▶ [ACTIVITY]: Before printing the listing, strip out its pictures and keep everything else exact.
________________
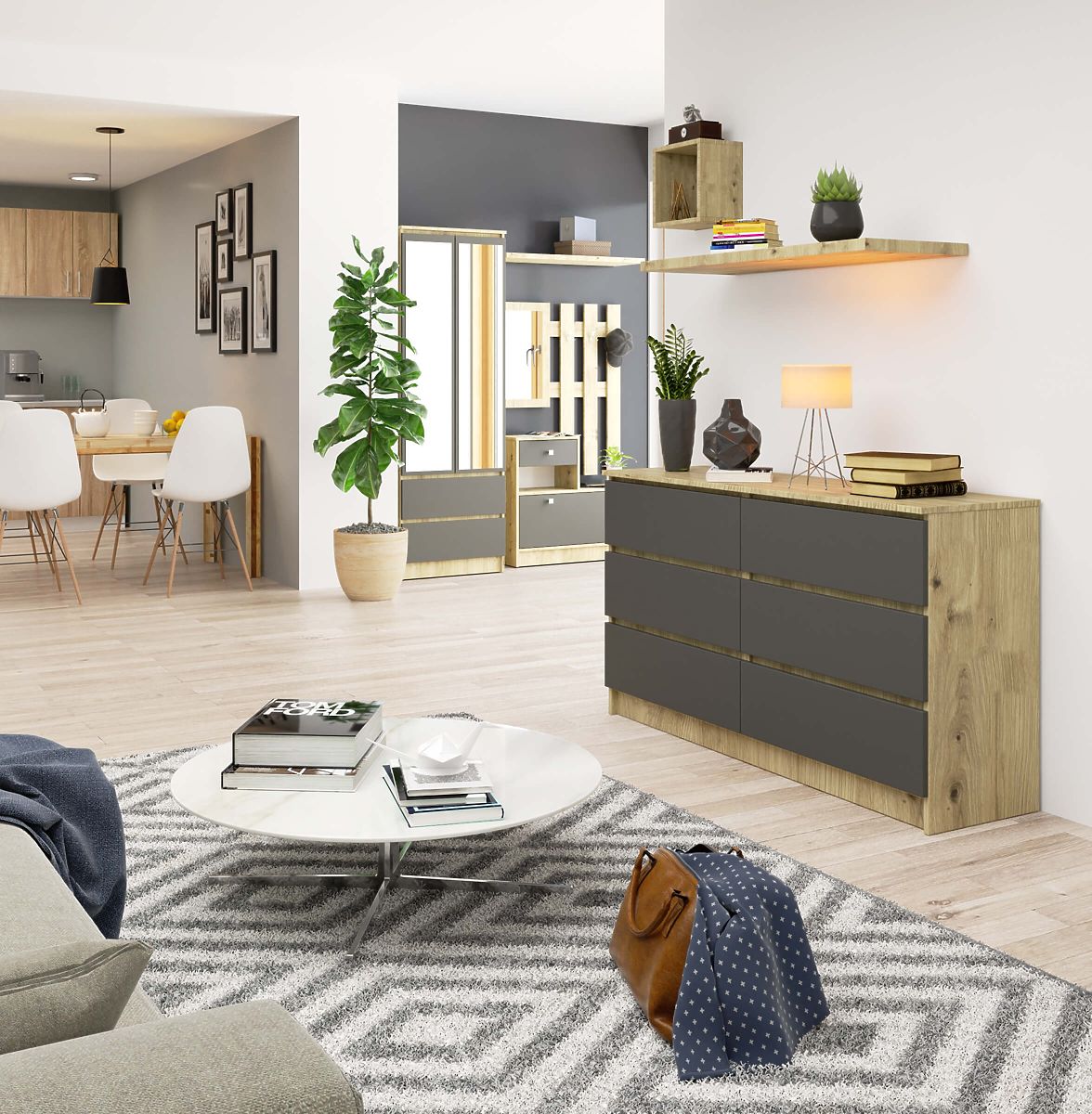 Banaby.eu » Children's furniture / Children's chests of drawers and wardrobes / Children's chests of drawers / SIDEBOARD K140 6DR CLP OAK ARTISAN / GRAY
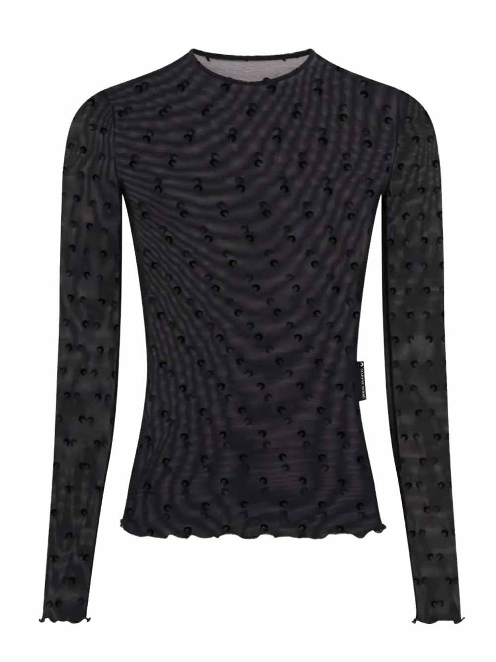 Black top by Merine Serra in silk and nylon, featuring a sheer black mesh with an all-over moon pattern, a crew neck, long sleeves, and a scalloped hem; it features a logo patch on the side.
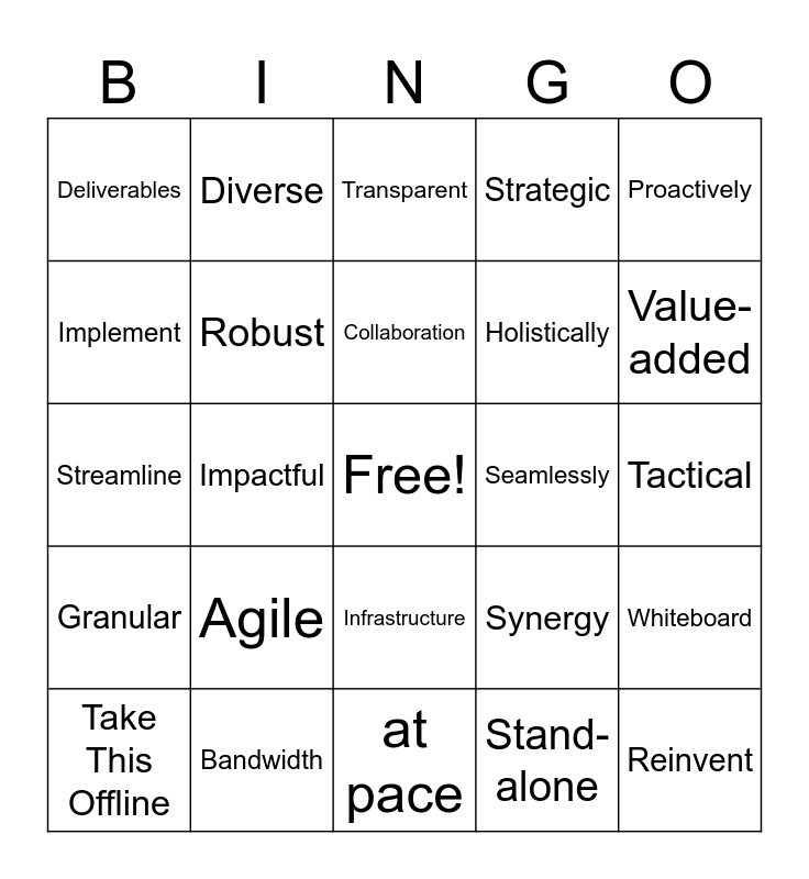 This bingo card has a free space and 24 words: Agile, Bandwidth, Collaboration, Take This Offline, Proactively, Deliverables, Implement, Diverse, Seamlessly, Infrastructure, Holistically, Streamline, Synergy, Whiteboard, Robust, Stand-alone, Tactical, Transparent, Value-added, Impactful, Reinvent, Granular, Strategic and at pace.
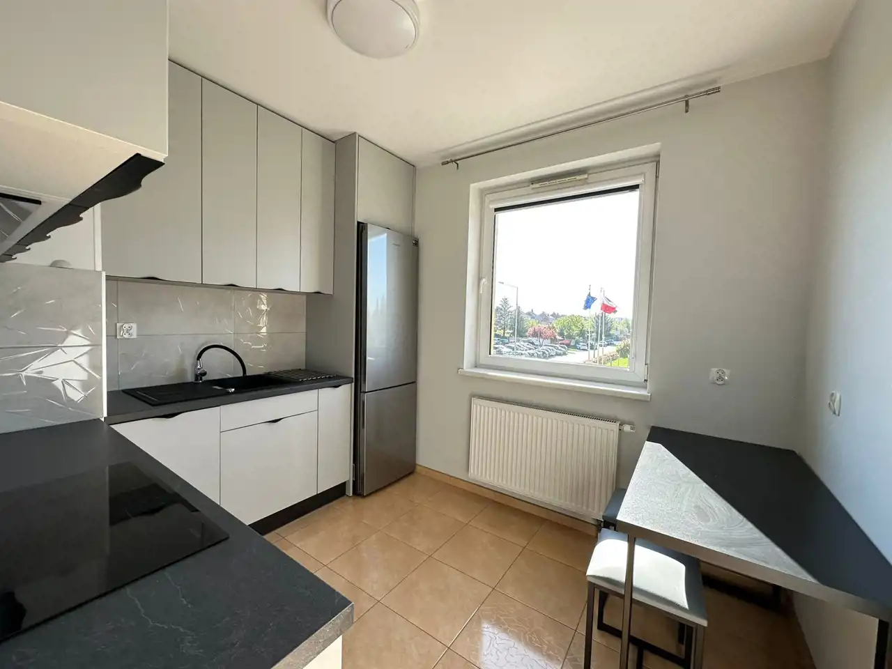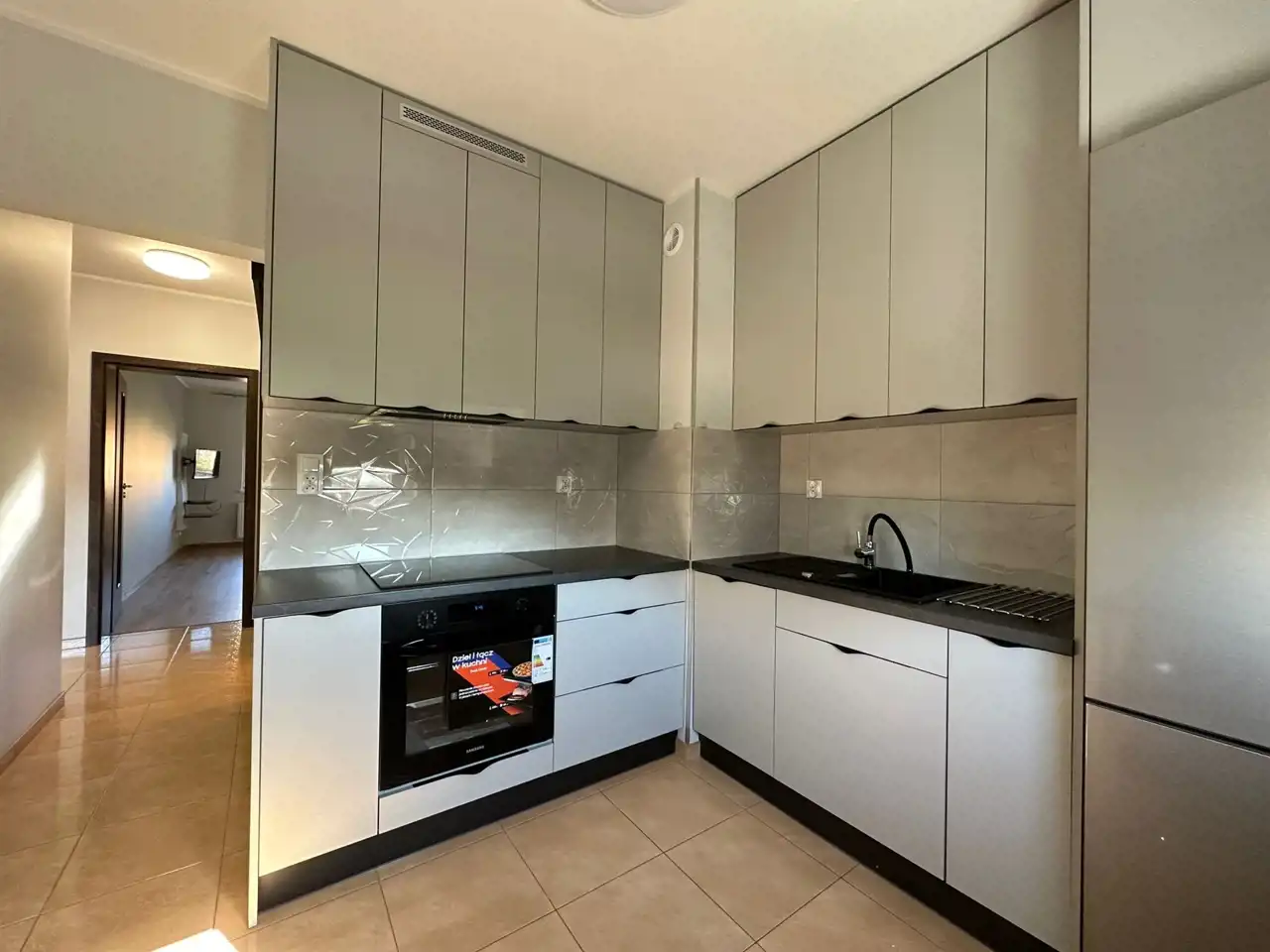 kuchnia z nowymi meblami i sprzętem AGD (płyta indukcyjna, piekarnik, lodówka, zmywarka)
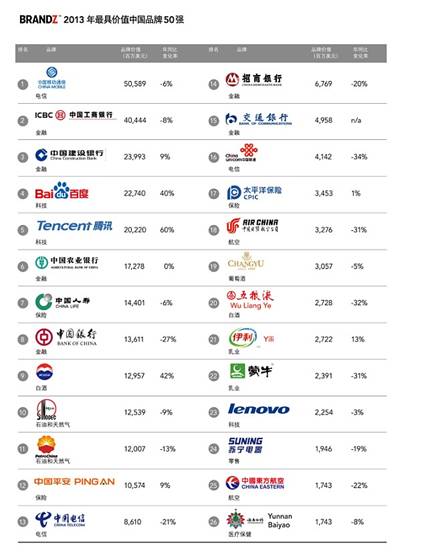 BrandZ?2013年最具價(jià)值中國品牌50強(qiáng)榜單(TOP1-26) ????此前,伊利先后登上福布斯2012年全球企業(yè)2000強(qiáng)排行榜和2012《財(cái)富》中國500強(qiáng)排行榜。8月8日,胡潤研究院發(fā)布了《2012胡潤品牌榜》,憑借科技創(chuàng)新等方面的持續(xù)投入以及奧運(yùn)效應(yīng)的逐步釋放,伊利較去年上升兩位,排名中國乳制品行業(yè)第一。 ????在品牌建設(shè)上,伊利結(jié)合傳統(tǒng)媒體與網(wǎng)絡(luò)媒體,向消費(fèi)者全方位傳達(dá)一種滿含情感的品牌信息。2012年奧運(yùn)會期間,車身上中文書寫的伊利logo和中國人獨(dú)特的東方面孔登陸紅色大巴,向世界展現(xiàn)平凡中國人的健康新形象和健康生活方式。通過國內(nèi)國外、線上線下的一系列互動(dòng)活動(dòng),伊利號召全國人民做自己的健康冠軍,進(jìn)而引起消費(fèi)者共鳴,提升國際知名度和品牌美譽(yù)度。隨著經(jīng)濟(jì)的發(fā)展和收入的增長,消費(fèi)者對品牌更加通曉,更有辨識力。今年的各種排名均顯示,品牌的構(gòu)建的對中國企業(yè)而言變得越來越重要。 ????自2005年開始,華通明略公司每年都會評估出BrandZ?最具價(jià)值全球品牌100強(qiáng),該榜單已成為國際公認(rèn)的權(quán)威品牌排行榜。在中國,BrandZ?品牌研究也已經(jīng)持續(xù)了十多年,積累了豐富的經(jīng)驗(yàn),今年已經(jīng)是最具價(jià)值中國品牌的第三次評選,伊利連續(xù)三年上榜50強(qiáng)。據(jù)了解,中國最具價(jià)值品牌50強(qiáng)采用了和全球最具價(jià)值品牌100強(qiáng)相同的計(jì)量方法。BrandZ ?品牌估值法是根據(jù)WPP每年出資開展的消費(fèi)者市場調(diào)查來判定品牌對購買決策所產(chǎn)生的影響,還綜合分析了來自Bloomberg和KantarWorldpanel等其他資料的財(cái)務(wù)信息,并以美元來體現(xiàn)品牌估值。盡管中國經(jīng)濟(jì)持續(xù)低迷,伊利去年品牌價(jià)值24億美元,今年27億美元,表現(xiàn)出穩(wěn)健的增長態(tài)勢。 |
________________
▶ [SOLUTION TO THIS TASK]:
 Banaby.eu » Children's furniture / Children's chests of drawers and wardrobes / Children's chests of drawers / SIDEBOARD K140 6DR CLP OAK ARTISAN / GRAY
 Black top by Merine Serra in silk and nylon, featuring a sheer black mesh with an all-over moon pattern, a crew neck, long sleeves, and a scalloped hem; it features a logo patch on the side.
 This bingo card has a free space and 24 words: Agile, Bandwidth, Collaboration, Take This Offline, Proactively, Deliverables, Implement, Diverse, Seamlessly, Infrastructure, Holistically, Streamline, Synergy, Whiteboard, Robust, Stand-alone, Tactical, Transparent, Value-added, Impactful, Reinvent, Granular, Strategic and at pace.
 kuchnia z nowymi meblami i sprzętem AGD (płyta indukcyjna, piekarnik, lodówka, zmywarka)
 BrandZ?2013年最具價(jià)值中國品牌50強(qiáng)榜單(TOP1-26) ????此前,伊利先后登上福布斯2012年全球企業(yè)2000強(qiáng)排行榜和2012《財(cái)富》中國500強(qiáng)排行榜。8月8日,胡潤研究院發(fā)布了《2012胡潤品牌榜》,憑借科技創(chuàng)新等方面的持續(xù)投入以及奧運(yùn)效應(yīng)的逐步釋放,伊利較去年上升兩位,排名中國乳制品行業(yè)第一。 ????在品牌建設(shè)上,伊利結(jié)合傳統(tǒng)媒體與網(wǎng)絡(luò)媒體,向消費(fèi)者全方位傳達(dá)一種滿含情感的品牌信息。2012年奧運(yùn)會期間,車身上中文書寫的伊利logo和中國人獨(dú)特的東方面孔登陸紅色大巴,向世界展現(xiàn)平凡中國人的健康新形象和健康生活方式。通過國內(nèi)國外、線上線下的一系列互動(dòng)活動(dòng),伊利號召全國人民做自己的健康冠軍,進(jìn)而引起消費(fèi)者共鳴,提升國際知名度和品牌美譽(yù)度。隨著經(jīng)濟(jì)的發(fā)展和收入的增長,消費(fèi)者對品牌更加通曉,更有辨識力。今年的各種排名均顯示,品牌的構(gòu)建的對中國企業(yè)而言變得越來越重要。 ????自2005年開始,華通明略公司每年都會評估出BrandZ?最具價(jià)值全球品牌100強(qiáng),該榜單已成為國際公認(rèn)的權(quán)威品牌排行榜。在中國,BrandZ?品牌研究也已經(jīng)持續(xù)了十多年,積累了豐富的經(jīng)驗(yàn),今年已經(jīng)是最具價(jià)值中國品牌的第三次評選,伊利連續(xù)三年上榜50強(qiáng)。據(jù)了解,中國最具價(jià)值品牌50強(qiáng)采用了和全球最具價(jià)值品牌100強(qiáng)相同的計(jì)量方法。BrandZ ?品牌估值法是根據(jù)WPP每年出資開展的消費(fèi)者市場調(diào)查來判定品牌對購買決策所產(chǎn)生的影響,還綜合分析了來自Bloomberg和KantarWorldpanel等其他資料的財(cái)務(wù)信息,并以美元來體現(xiàn)品牌估值。盡管中國經(jīng)濟(jì)持續(xù)低迷,伊利去年品牌價(jià)值24億美元,今年27億美元,表現(xiàn)出穩(wěn)健的增長態(tài)勢。 |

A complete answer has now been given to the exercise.